A single SA can effectively be considered half of a working IPsec tunnel, since it can send traffic from A to B, but not from B to A.
The formula to calculate the maximum number of SAs that will be keyed between an MX and a 3rd-party device when IKEv1 is in use is T=2*m*n where m is the number of subnets on the Meraki device, and n is the number of subnets on the 3rd-party device.
The following example visualizes how the security associations would logically appear between an MX appliance and a 3rd-party peer that each have two subnets participating in a VPN with IKEv1:
Following our formula above, in this example, m=2, and n=2. As a result, the equation is T=2*2*2 or T=8 for the total of SAs that must be keyed for full connectivity in each direction.
Note however, that since SAs are keyed on demand (i.e. only when traffic from a given source needs to reach a non-Meraki VPN peer for which an SA doesn't already exist), the maximum number needed may not always be active at a given point in time.
Unlike IKEv1, Meraki's IKEv2 implementation - by design - only allows for a single pair of IPsec security associations between an MX or Z3 device and a given 3rd-party firewall, or a Meraki device in a separate Dashboard Organization.
However, IKEv2 does not place restrictions on the number of sources and destinations in an IPsec SA. This means a single pair of SAs can provide full connectivity between two peers, regardless of how many subnets are involved, as the following illustration shows:
As a result, IKEv2 can allow us to scale up significantly higher than IKEv1, since there's no need to keep keying additional SAs as more subnets are added.
Unfortunately, there are known compatibility issues this presents to certain vendors - strongSwan is the process Meraki devices utilize to build tunnels to non-Meraki devices and for L2TP/IPsec Client VPN - as some that continue to enforce the IKEv1 restriction of a single set of src/dst subnets per SA in their IKEv2 implementations.
Such implementations generally respond to requests to key an IPsec SA by only using a single pair of subnets. When this happens, it blocks any further subnets from participating in the VPN until the SA expires.

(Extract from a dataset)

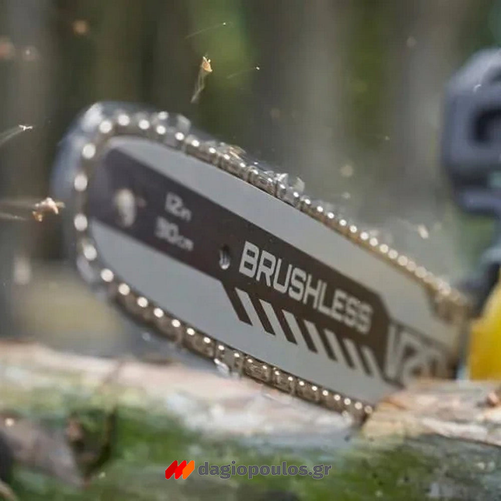 Η ασφάλεια αυξάνεται σε υψηλότερο επίπεδο από το σύστημα πέδησης αλυσίδας, το οποίο παρέχει βέλτιστη προστασία για τον χρήστη. Αυτή η λειτουργία, σε συνδυασμό με την ισχύ 18 V του κινητήρα, καθιστά δυνατή την εκτέλεση έως και 70 κοπών (4x4"), καθιστώντας το πριόνι κατάλληλο για εντατικές και απαιτητικές εργασίες πριονίσματος. Με εντυπωσιακή ικανότητα κοπής 30 cm, το αλυσοπρίονο V20 Brushless είναι σχεδιασμένο για εργασίες πριονίσματος μεσαίου έως μεγάλου μεγέθους, όπου η απόδοση και η αξιοπιστία είναι πρωταρχικής σημασίας. Η προσθήκη μιας δεύτερης μεγάλης λαβής με διακοπή έκτακτης ανάγκης αυξάνει τον έλεγχο και την ασφάλεια κατά την εργασία, καθιστώντας το πριόνι τον ιδανικό σύντροφο για επαγγελματίες χρήστες.

IKEv2 working vs. non-working example packet captures
The following two excerpts* from packet captures illustrate what a working exchange looks like, and what an incompatible exchange looks like.
*The data seen in these captures is normally encrypted in transit, and cannot be seen without enabling additional debugging on one of the peering devices, and plugging the obtained decryption information into an application like Wireshark.
Such debugging is only possible on Meraki devices by contacting Support, and requires tearing down and re-establishing the tunnels in question.
The following excerpt shows part of a successful IKEv2 exchange between two devices, forming a VPN between the subnets 192.168.1.0/24 and 192.168.2.0/24 on one end, and 192.168.3.0/24 and 192.168.4.0/24 on the other:
Given that there are four different Traffic Selector payloads in this single packet, the MX is attempting to establish a single security association that covers all 4 of the involved subnets, and the peer acknowledges this by sending a response that includes all 4 as well.
The net result of this exchange is a working pair of SAs that allows bi-directional connectivity between all of the involved subnets.
The following excerpt shows part of an IKEv2 exchange between two devices, attempting to form a VPN between the subnets 192.168.1.0/24 and 192.168.2.0/24 on one end, and 10.5.10.0/24 and 10.5.20.0/24 on the other:
As with the previous capture, the MX is attempting to build a single SA that covers all 4 of the involved subnets, but in this case, the peer responds with only a single Traffic Selector pair, indicating it only wants the tunnel to cover 192.168.2.0/24 and 10.5.20.0/24.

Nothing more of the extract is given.